# Need some advice



## RussellAP (Feb 21, 2012)

I have a steam kit and I'm making a box for it. The box measures 47.5"x18" x8" and is made with a couple of half inch panels from an old nicely made entertainment center 1/2 inch particle board with rosewood veneer and the sides and ends with 4/4 oak.

The box needs to be absolutely sealed against moisture infiltration to the wood.

I am using Spar now on all interior surfaces.

Question.
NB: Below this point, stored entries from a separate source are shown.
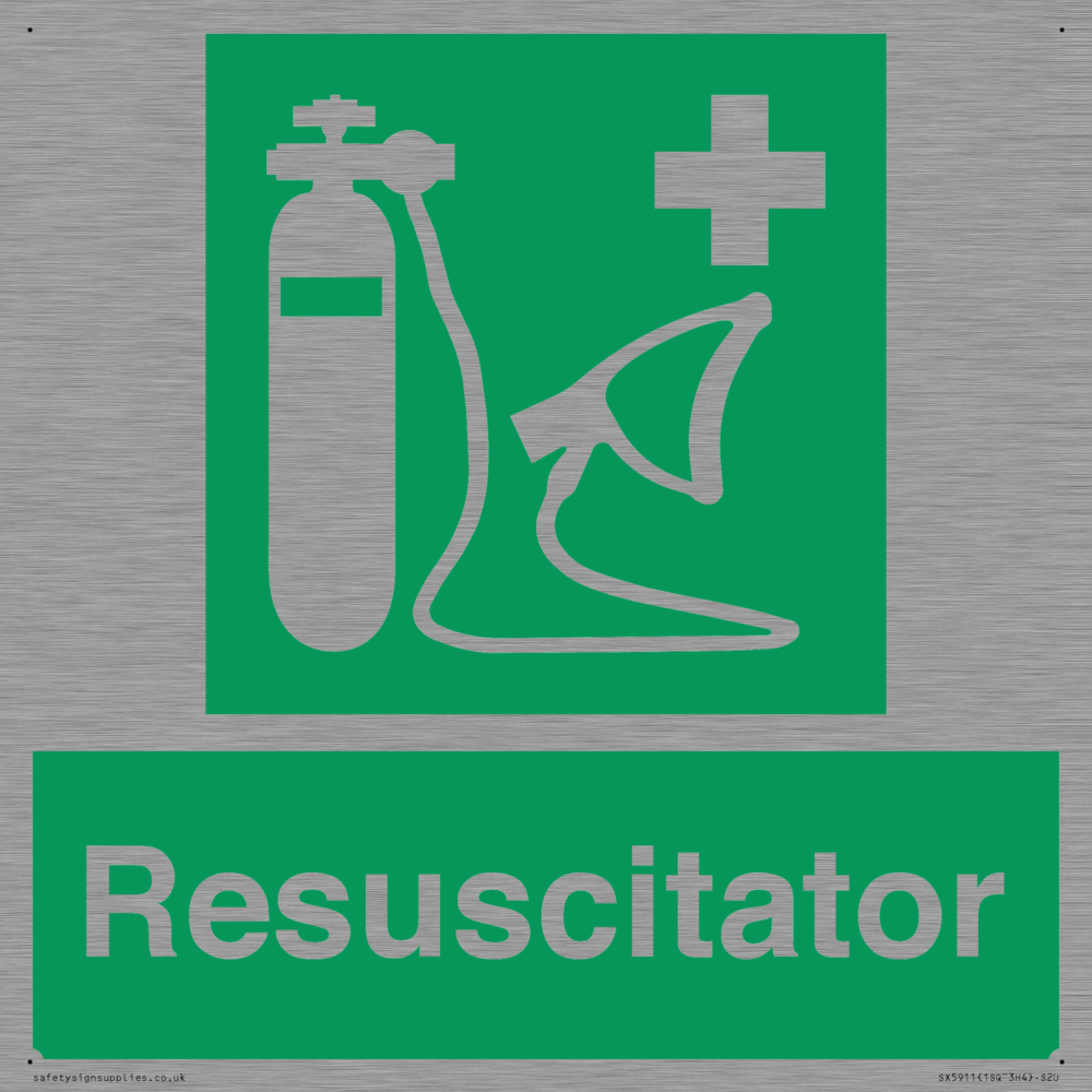 Sign Text: Resuscitator Dimensions: 200x200mm Material: Stainless Steel Orientation: Square Text Colour: White Background Colour: Green More...
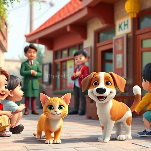 On a bright, sunlit morning in a lively Karnataka village, Makku the ginger cat and Rocco the cheerful beagle dog peeked over the village fence, their eyes sparkling with curiosity. They had heard about the colorful school with its cheerful children and wondered what it would be like to learn and play there. Their hearts fluttered with excitement and a tiny dash of nervousness as they imagined stepping into a world of stories and songs, dreaming of becoming brave explorers of knowledge.
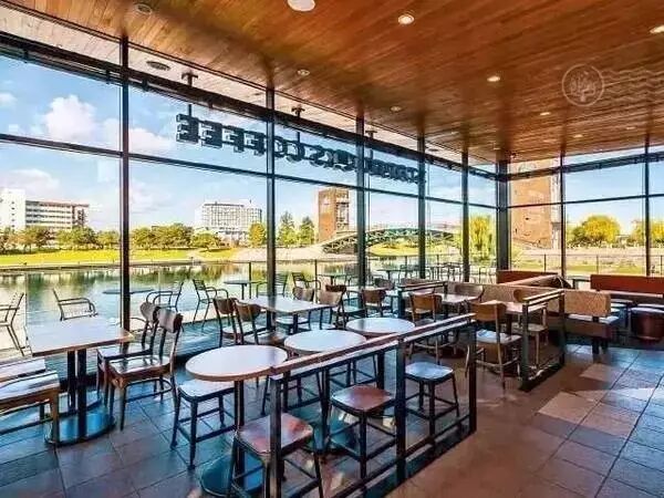 这家店坐落在富山县,傍水而建,和自然之美融合在一起,是网友票选日本最美的星巴克。在河畔伫立着,落地的大玻璃,一览无遗周围绝美的景色,是绝佳的拍照场所。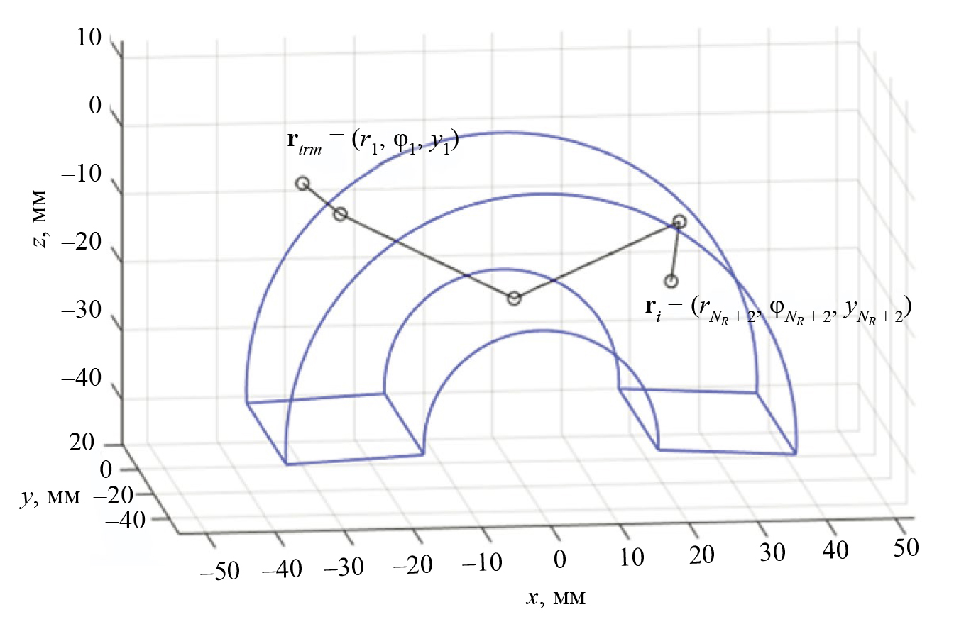 Пусть излучение происходит из точки rtrm = (r1, φ1, y1), координаты которой задаются в полярных координатах, а координаты точки ОВИ после отражений NR равны ri = (rNR+2, φNR+2, yNR+2) (рис. 2). Траектория луча описывается NR + 2 точками и состоит из NR + 1 прямых, скорость распространения звука на которых задана списком {c} = {cw,l, {cobj}}, где c1 = cw,l — скорость продольной волны в призме, а {cobj} — список, состоящий из произвольной последовательности скоростей продольной или поперечной волны в объекте контроля. У четных точек траектории первая координата приравнивается rin, а у нечетных точек — rout.

Is spar okay to use, and if so how many coats should I use?

I know some of you are going to suggest marine sealer, but is that really needed as long as you account for water drainage and don't let it sit with water in it?


----------



## mbs (May 8, 2010)

I'm not sure but I probably wouldn't use particle board regardless of the finish because the pressure of the steam MAY penetrate the finish and turn the particle board into mush. However, there is a rubberized coating that supposedly will seal a cardboard box to hold water. I can't remember what it's called though. I remember it being used to seal basements and dog runs too.


----------



## a1Jim (Aug 9, 2008)

Again I would not use particle board.


----------



## RussellAP (Feb 21, 2012)

I think I'll get some PVC tomorrow and use that Jim. Easier all the way around.


----------



## JAAune (Jan 22, 2012)

I don't seal my steam boxes nor do the others I know who do steam bending. As MBS indicates, wood finishes won't hold up under the harsh conditions the box will be subjected to. Also (in case you don't already know), don't pressurize the box. Steam pressure is dangerous and doesn't help the bending process any (unless you're at high altitudes and need pressure to reach temperature). You just need a heat source around 200-212 degrees fahrenhiet that won't dry out the wood. Steam does that job well.

There may be some coatings such as epoxy finishes that will completely sealing the wood but I wouldn't count on that. Even if the coating is completely water-proof it may develop cracks at some point that will admit moisture. The downside to applying finish to the wood is that finish acts as a moisture barrier both ways. Once the finished wood gets wet it will take forever to dry out.

I suggest a cheap, exterior grade plywood without any caulk, sealer or finish of any type. Assemble it with some deck screws. When the steaming operation is done, open the box and let everything air dry before storing. Not only is such a box fast and cheap to make, but it will hold up for years before it needs replacing.

47.5"x18"x8" is a very large box. Hopefully your steam source is up to task. If you really need one that big then build it but otherwise, keep it as small as possible. Having two or three boxes of different sizes for different jobs is also a good idea.


----------